Avilés A, Soto B, Guzmán R, García E L, Nambo M J, Díaz-Maqueo J C
Department of Hematology, Oncology Hospital, National Medical Center, Mexico City, Mexico.
Med Pediatr Oncol. 1995 Mar;24(3):171-5. doi: 10.1002/mpo.2950240306.

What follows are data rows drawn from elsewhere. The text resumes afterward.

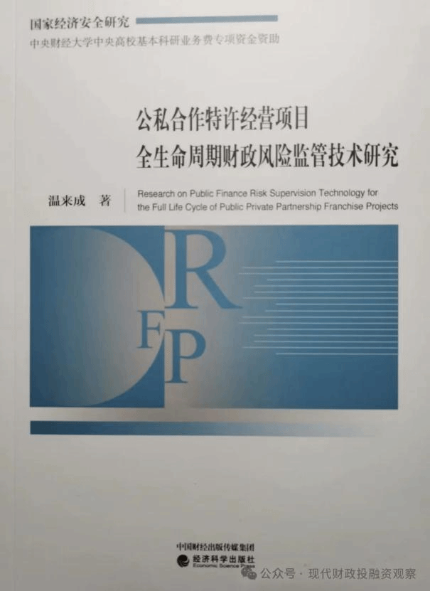 由今年会中财-安融地方财政投融资研究所执行所长、财税学院温来成教授撰写的《公私合作特许经营项目全生命周期财政风险监管技术研究》一书,已由经济科学出版社出版发行。该书是以国家哲学社会科学基金项目公私合作特许经营项目全生命周期财政风险监管技术研究(批准号:15BZZ058)的研究成果为基础,进一步提炼而成的,基本包括了课题研究的主要成果。该书的内容,涉及公私合作特许经营项目全生命周期财政风险监管技术,包括项目的识别、准备、政府采购、执行、移交等各个环节的财政风险管理技术。公私合作特许经营项目作为政府与社会资本合作(PPP)项目的一个类别,政府是项目合作的一方,政府所承担的风险,主要集中在财政风险方面。要实现公私合作特许经营项目建设、运营目标,为社会提供优质公共服务,满足社会公共需要,除社会资本方加强项目风险管控,讲信誉、守合同外,政府方也要管控项目的识别、准备、政府采购、执行、移交等各个环节的财政风险,保障项目建设、运营的顺利进行,实现项目预期目标。希望本书的出版发行,为学习、研究和支持PPP模式的各界人士提供参考,能为推动中国PPP模式的发展,贡献微薄之力。
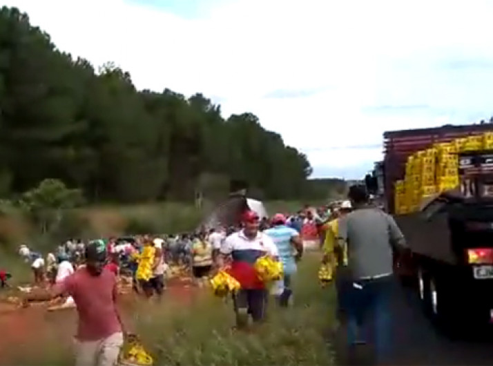 Pessoas levam carga de cerveja após caminhão tombar em SP
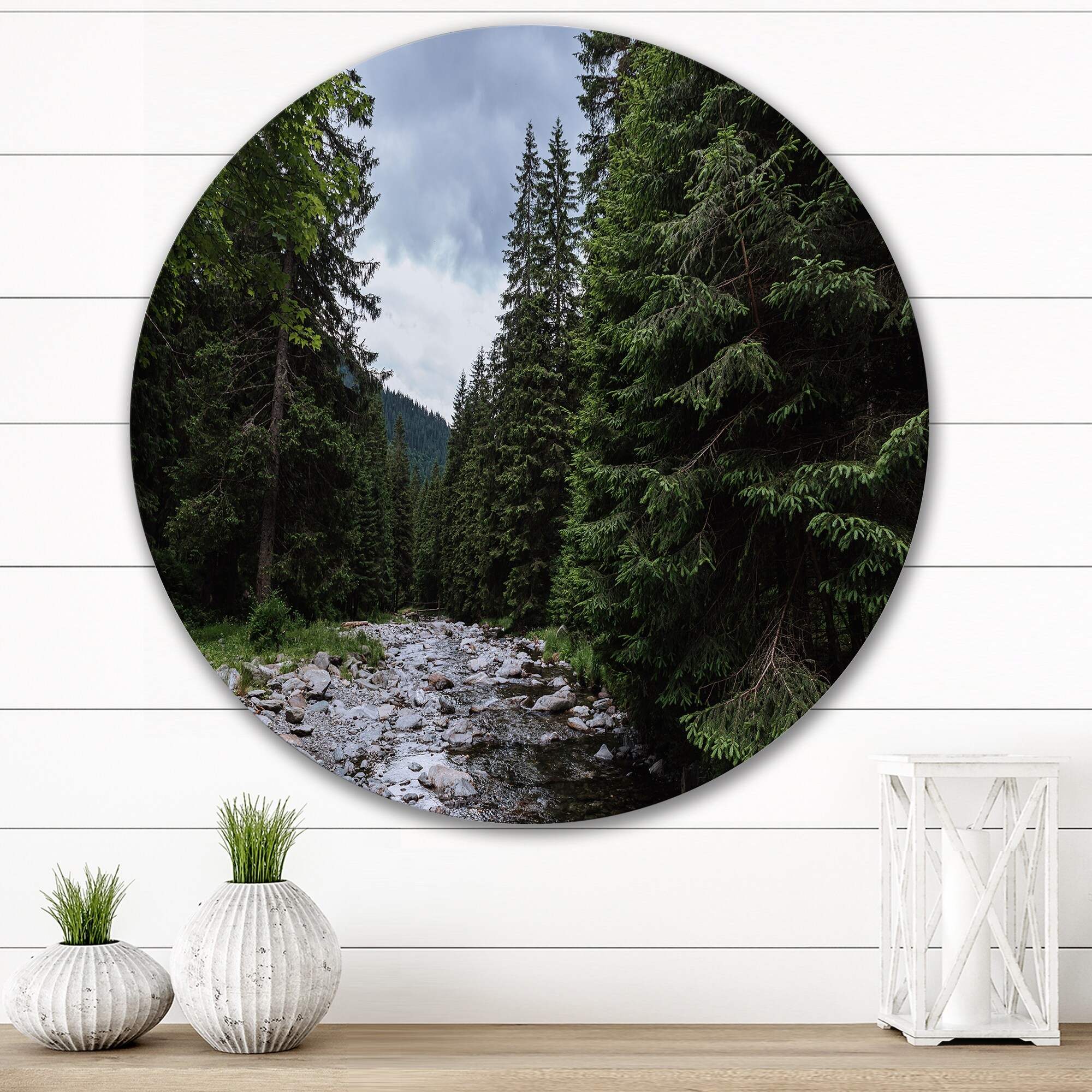 Designart 'Mountain Landscape With River And Forest Trees' Traditional Metal Circle Wall Art

From January 1986 to December 1989, 157 previously untreated patients, with Hodgkin's disease stage I or II without bulky disease, were enrolled in a clinical comparative study. The objectives of the study were to compare the efficacy and safety of using epirubicine or mitoxantrone instead of adriamycin in the combination chemotherapy regimen ABVD (adriamycin, bleomycin, vinblastine, and dacarbazine). The complete response rate was better in the patients treated with the ABVD or EBVD regimens compared to the MBVD arm. Also, differences in overall survival and relapse-free survival were better in the patients who received ABVD or EBVD compared to the MBVD regimen. Hematological, gastrointestinal and cardiac toxicity were similar in the three groups. Dose intensity, delays and complications were also similar in the three groups. The mitoxantrone-containing regimen was found to have less efficacy in comparison to the other regimens tested in the present study in patients with favorable stage I or II Hodgkin's disease.
1986年1月至1989年12月,157例既往未接受过治疗、患有I期或II期霍奇金病且无大块病灶的患者被纳入一项临床对照研究。该研究的目的是比较在联合化疗方案ABVD(阿霉素、博来霉素、长春花碱和达卡巴嗪)中使用表柔比星或米托蒽醌替代阿霉素的疗效和安全性。与MBVD组相比,接受ABVD或EBVD方案治疗的患者完全缓解率更高。此外,与MBVD方案相比,接受ABVD或EBVD治疗的患者总生存期和无复发生存期的差异也更好。三组的血液学、胃肠道和心脏毒性相似。三组的剂量强度、延迟和并发症也相似。在本研究中,对于I期或II期预后良好的霍奇金病患者,含米托蒽醌的方案与其他测试方案相比疗效较差。